Collected data entries
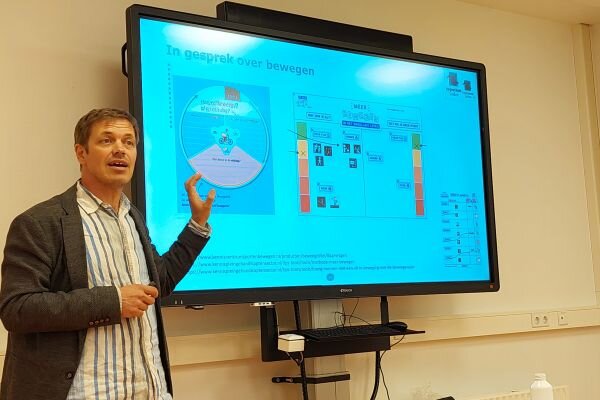 In een klaslokaal luisterden zestien deelnemers geboeid naar Gast, die uitlegde dat leefstijlinterventie iets van de lange adem is. Als voorbeeld greep hij naar hoe de samenleving in de loop van 50 jaar anders tegen roken is gaan kijken. “In de jaren 70 rookten meesters en juffen nog in het basisonderwijs, gewoon in de klas. In de jaren 80 zat je nog in een rookcoupé in de trein. En eind jaren 90 had ik nog meetings in een vergaderhok, dat blauw stond van de rook. Als je daar nu op terugkijkt, kun je je dat helemaal niet meer voorstellen. Maatregelen tegen roken stuitten destijds op weerstand, maar inmiddels kennen we nog maar weinig mensen die terug willen naar die tijd. Het geeft aan dat dit soort interventies lang duren om te landen, het gaat stapje voor stapje.”
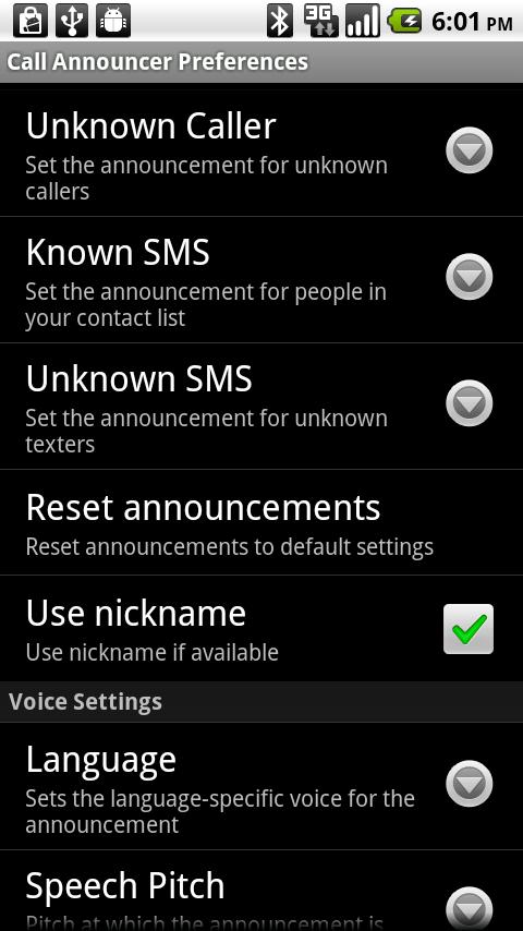 Call Announcer provides an audible caller id for your Android phone. Utilizing your contact list and Google’s Text to Speech (TTS) capabilities, all incoming calls are announced alone or over your current ring tone. Incoming SMS messages can also be announced and Read. All announcements are fully customizable.
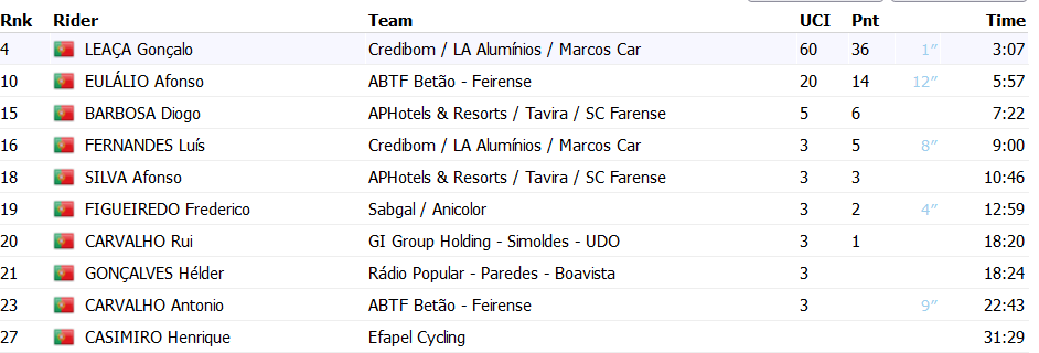 4 com menos de 25 anos, 2 com menos de 30 anos e 4 com mais de 30 anos e quase já em fim de carreira. Parece-me que falta talento português para os próximos anos e nem acredito que nos próximos anos algum português ganhe a Volta a Portugal.
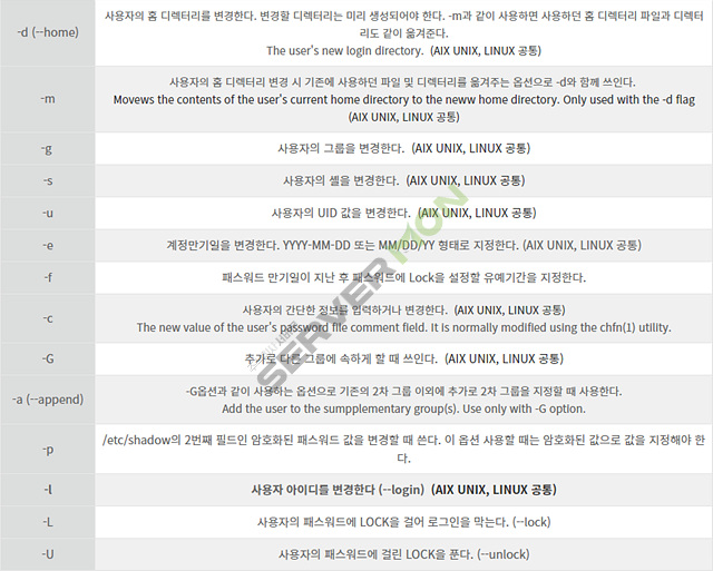 유저명을 변경시에서는 유저명, 홈디렉토리명을 변경하여야 하며
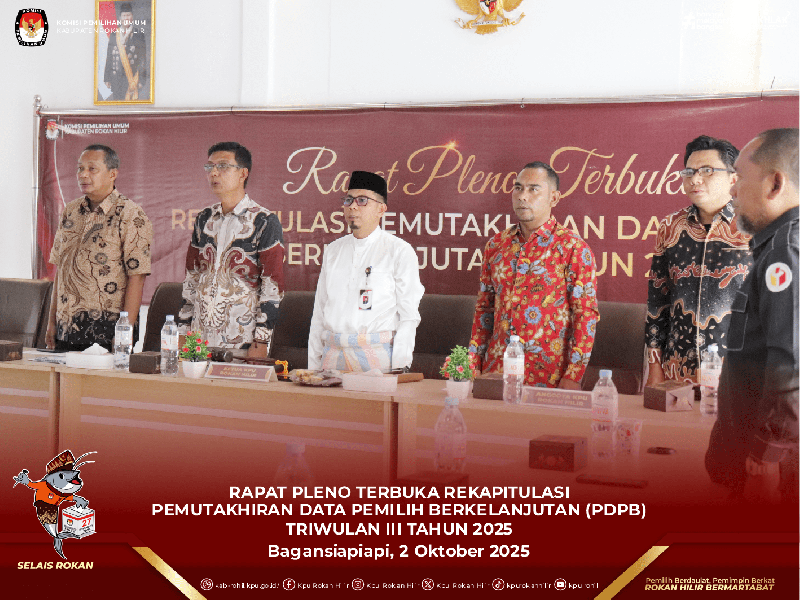Bagansiapiapi - Ketua KPU Kabupaten Rokan Hilir, Eka Murlan didampingi Anggota KPU Rokan Hilir lainnya, Kaswanto Dahlan, Datuk Zulhidayat, Suryadi dan M. Mukhlis memimpin Rapat pleno terbuka pemutakhiran data pemilih berkelanjutan (PDPB) triwulan III tahun 2025 di Media Center KPU Rokan Hilir, Bagansiapiapi, Kamis (2/10/2025).
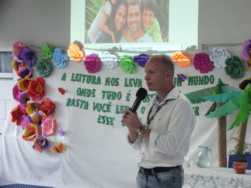 O primeiro dia de Feira do Livro da Escola Benno Bender de Crissiumal foi encerrado com um momento cultural com apresentação dos alunos da educação infantil e séries iniciais da escola, além de uma palestra para as famílias e alunos da escola com o tema:” Família e Escola: um pacto pelo desenvolvimento humano”, com o Professor Vianei Luis Hammerschmitt– da FAI Itapiranga.
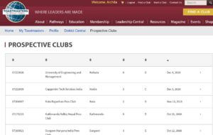 A screenshot of our University as a prospective club along with its club number is attached from the website.
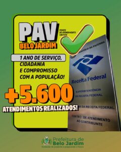 O Ponto de Atendimento Virtual (PAV) implantado em Belo Jardim através de parceria com a Receita Federal, completa seu primeiro ano de funcionamento no município com a marca de mais de 5.600 atendimentos realizados. Implantado pela Prefeitura por meio da Secretaria de Cultura, Turismo e Empreendedorismo, o PAV tem sido essencial para aproximar os serviços da Receita Federal da população, oferecendo mais comodidade e agilidade no atendimento às demandas fiscais e tributárias.
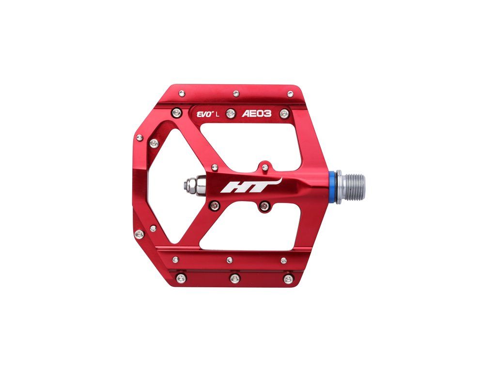 MTB ľahké platformové pedále z hliníku; Extra nízky profil pedálu, len 11mm; Telo: CNC AL 7075; 12 mm oska z CNC CrMo; Ložiská: EVO+ systém / IGUS púzdra; Vymeniteľné SAP piny - 10 z každej strany; Váha: 352g; Rozmer: 102 x 96 x 11 mm; Farba: červená
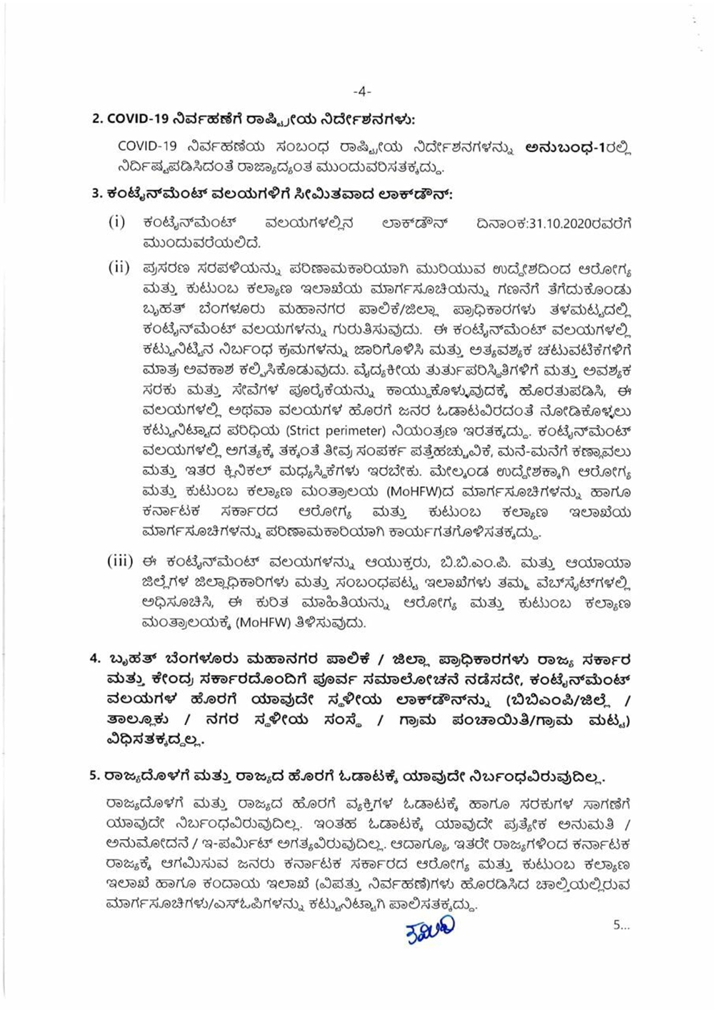 Karnataka state's Unlock 5 notification dated 1 October 2020
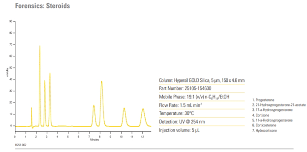 Obr. 1 Analýza steroidů na koloně Hypersil GOLD Silica
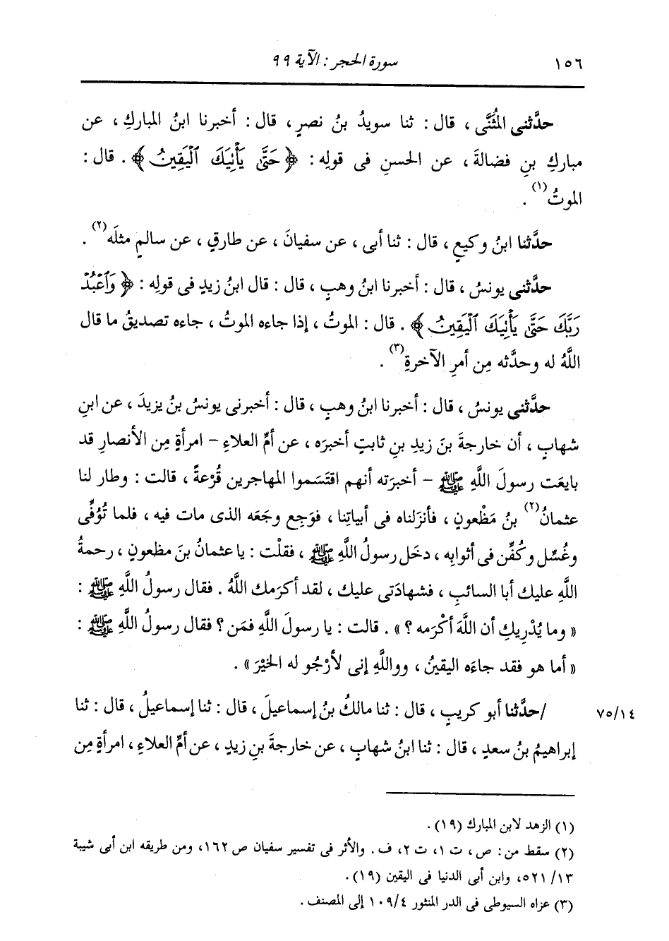 حَدَّثَنِي الْمُثَنَّى، قَالَ: ثنا سُوَيْدُ بْنُ نَصْرٍ، قَالَ: أَخْبَرَنَا ابْنُ الْمُبَارَكِ، عَنْ مُبَارَكِ بْنِ فَضَالَةَ، عَنِ الْحَسَنِ، فِي قَوْلِهِ: " {§حَتَّى يَأْتِيَكَ الْيَقِينُ} [الحجر: 99] ، قَالَ: الْمَوْتُ ". حَدَّثَنَا ابْنُ وَكِيعٍ قَالَ: ثنا أَبِي، عَنْ سُفْيَانَ، عَنْ طَارِقٍ، عَنْ سَالِمٍ، مِثْلَهُ
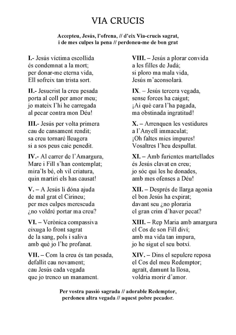 Per als que no pugueu assistir al viacrucis, us convidem a fer-lo a casa de manera senzilla seguint les estrofes del cant clàssic català del viacrucis que adjuntem.
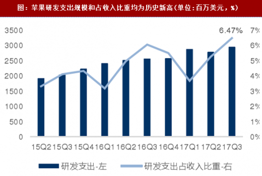 研发支出继续保持高增,进入下一研发周期。fy17q3苹果的研发支出达到了29.37亿美元,为历史最高值,同时占收入的比重达到6.47%,也是历史最高值,这意味着苹果开始了新一轮的研发周期。除了现有产品的微创新外,苹果新推出的ar平台也是值得关注的重点,arkit或成为最大的ar平台。目前,苹果最新的笔记本机型已经能够支持vr,且公司研发方面已经引入steamvr程序开发包。ar可能成为苹果下一个增长点,反过来,苹果的ar布局也可能推动虚拟现实的普及和新一轮投资高潮。
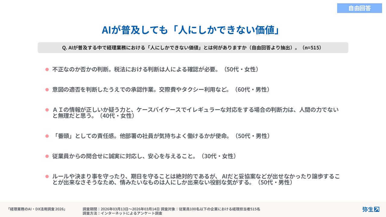 自由回答では、不正の有無や税務判断などの法令解釈を伴う領域や、交際費・経費精算における利用目的や背景を踏まえた承認判断、イレギュラー時の対応など、単なるルール適用では判断できない領域こそが人の役割であるという認識が多く見られました。また、AIの判断や提案をそのまま受け入れるのではなく、「その情報は本当に正しいのか」を見極め、最終責任を担う存在として人が関与する必要性を指摘する声も挙がっています。
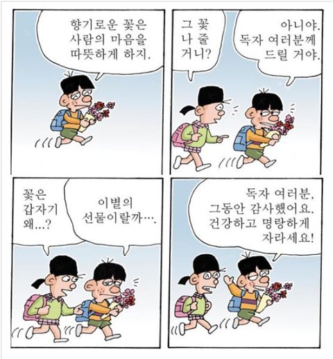 나 서른다섯살인데... 나 어릴때도 보던만화... ㅠㅠ 학교에서 보던 어린이 신문에서도 나왔고 책도 있었어.. 건강악화라니 마음이 아프다 ㅠㅠㅠㅠ 39년생이시면 우리 할머니랑 비슷하시네.. 정말 연세가 많으신데도 여태까지 아이들 위해서 계속 만화 그려주셨구나.. 마지막 인사도 독자 여러분 건강하게 자라세요 라니.. 뚱딴지 보던 초딩 이제 잘 커서 멋진 사회인 됐어요. ㅠ 작가님도 건강하세요..

• **Task details**: Without the images, write out each line of the data verbatim.

• **Answer to this task**:
 In een klaslokaal luisterden zestien deelnemers geboeid naar Gast, die uitlegde dat leefstijlinterventie iets van de lange adem is. Als voorbeeld greep hij naar hoe de samenleving in de loop van 50 jaar anders tegen roken is gaan kijken. “In de jaren 70 rookten meesters en juffen nog in het basisonderwijs, gewoon in de klas. In de jaren 80 zat je nog in een rookcoupé in de trein. En eind jaren 90 had ik nog meetings in een vergaderhok, dat blauw stond van de rook. Als je daar nu op terugkijkt, kun je je dat helemaal niet meer voorstellen. Maatregelen tegen roken stuitten destijds op weerstand, maar inmiddels kennen we nog maar weinig mensen die terug willen naar die tijd. Het geeft aan dat dit soort interventies lang duren om te landen, het gaat stapje voor stapje.”
 Call Announcer provides an audible caller id for your Android phone. Utilizing your contact list and Google’s Text to Speech (TTS) capabilities, all incoming calls are announced alone or over your current ring tone. Incoming SMS messages can also be announced and Read. All announcements are fully customizable.
 4 com menos de 25 anos, 2 com menos de 30 anos e 4 com mais de 30 anos e quase já em fim de carreira. Parece-me que falta talento português para os próximos anos e nem acredito que nos próximos anos algum português ganhe a Volta a Portugal.
 유저명을 변경시에서는 유저명, 홈디렉토리명을 변경하여야 하며
Bagansiapiapi - Ketua KPU Kabupaten Rokan Hilir, Eka Murlan didampingi Anggota KPU Rokan Hilir lainnya, Kaswanto Dahlan, Datuk Zulhidayat, Suryadi dan M. Mukhlis memimpin Rapat pleno terbuka pemutakhiran data pemilih berkelanjutan (PDPB) triwulan III tahun 2025 di Media Center KPU Rokan Hilir, Bagansiapiapi, Kamis (2/10/2025).
 O primeiro dia de Feira do Livro da Escola Benno Bender de Crissiumal foi encerrado com um momento cultural com apresentação dos alunos da educação infantil e séries iniciais da escola, além de uma palestra para as famílias e alunos da escola com o tema:” Família e Escola: um pacto pelo desenvolvimento humano”, com o Professor Vianei Luis Hammerschmitt– da FAI Itapiranga.
 A screenshot of our University as a prospective club along with its club number is attached from the website.
 O Ponto de Atendimento Virtual (PAV) implantado em Belo Jardim através de parceria com a Receita Federal, completa seu primeiro ano de funcionamento no município com a marca de mais de 5.600 atendimentos realizados. Implantado pela Prefeitura por meio da Secretaria de Cultura, Turismo e Empreendedorismo, o PAV tem sido essencial para aproximar os serviços da Receita Federal da população, oferecendo mais comodidade e agilidade no atendimento às demandas fiscais e tributárias.
 MTB ľahké platformové pedále z hliníku; Extra nízky profil pedálu, len 11mm; Telo: CNC AL 7075; 12 mm oska z CNC CrMo; Ložiská: EVO+ systém / IGUS púzdra; Vymeniteľné SAP piny - 10 z každej strany; Váha: 352g; Rozmer: 102 x 96 x 11 mm; Farba: červená
 Karnataka state's Unlock 5 notification dated 1 October 2020
 Obr. 1 Analýza steroidů na koloně Hypersil GOLD Silica
 حَدَّثَنِي الْمُثَنَّى، قَالَ: ثنا سُوَيْدُ بْنُ نَصْرٍ، قَالَ: أَخْبَرَنَا ابْنُ الْمُبَارَكِ، عَنْ مُبَارَكِ بْنِ فَضَالَةَ، عَنِ الْحَسَنِ، فِي قَوْلِهِ: " {§حَتَّى يَأْتِيَكَ الْيَقِينُ} [الحجر: 99] ، قَالَ: الْمَوْتُ ". حَدَّثَنَا ابْنُ وَكِيعٍ قَالَ: ثنا أَبِي، عَنْ سُفْيَانَ، عَنْ طَارِقٍ، عَنْ سَالِمٍ، مِثْلَهُ
 Per als que no pugueu assistir al viacrucis, us convidem a fer-lo a casa de manera senzilla seguint les estrofes del cant clàssic català del viacrucis que adjuntem.
 研发支出继续保持高增,进入下一研发周期。fy17q3苹果的研发支出达到了29.37亿美元,为历史最高值,同时占收入的比重达到6.47%,也是历史最高值,这意味着苹果开始了新一轮的研发周期。除了现有产品的微创新外,苹果新推出的ar平台也是值得关注的重点,arkit或成为最大的ar平台。目前,苹果最新的笔记本机型已经能够支持vr,且公司研发方面已经引入steamvr程序开发包。ar可能成为苹果下一个增长点,反过来,苹果的ar布局也可能推动虚拟现实的普及和新一轮投资高潮。
 自由回答では、不正の有無や税務判断などの法令解釈を伴う領域や、交際費・経費精算における利用目的や背景を踏まえた承認判断、イレギュラー時の対応など、単なるルール適用では判断できない領域こそが人の役割であるという認識が多く見られました。また、AIの判断や提案をそのまま受け入れるのではなく、「その情報は本当に正しいのか」を見極め、最終責任を担う存在として人が関与する必要性を指摘する声も挙がっています。
 나 서른다섯살인데... 나 어릴때도 보던만화... ㅠㅠ 학교에서 보던 어린이 신문에서도 나왔고 책도 있었어.. 건강악화라니 마음이 아프다 ㅠㅠㅠㅠ 39년생이시면 우리 할머니랑 비슷하시네.. 정말 연세가 많으신데도 여태까지 아이들 위해서 계속 만화 그려주셨구나.. 마지막 인사도 독자 여러분 건강하게 자라세요 라니.. 뚱딴지 보던 초딩 이제 잘 커서 멋진 사회인 됐어요. ㅠ 작가님도 건강하세요..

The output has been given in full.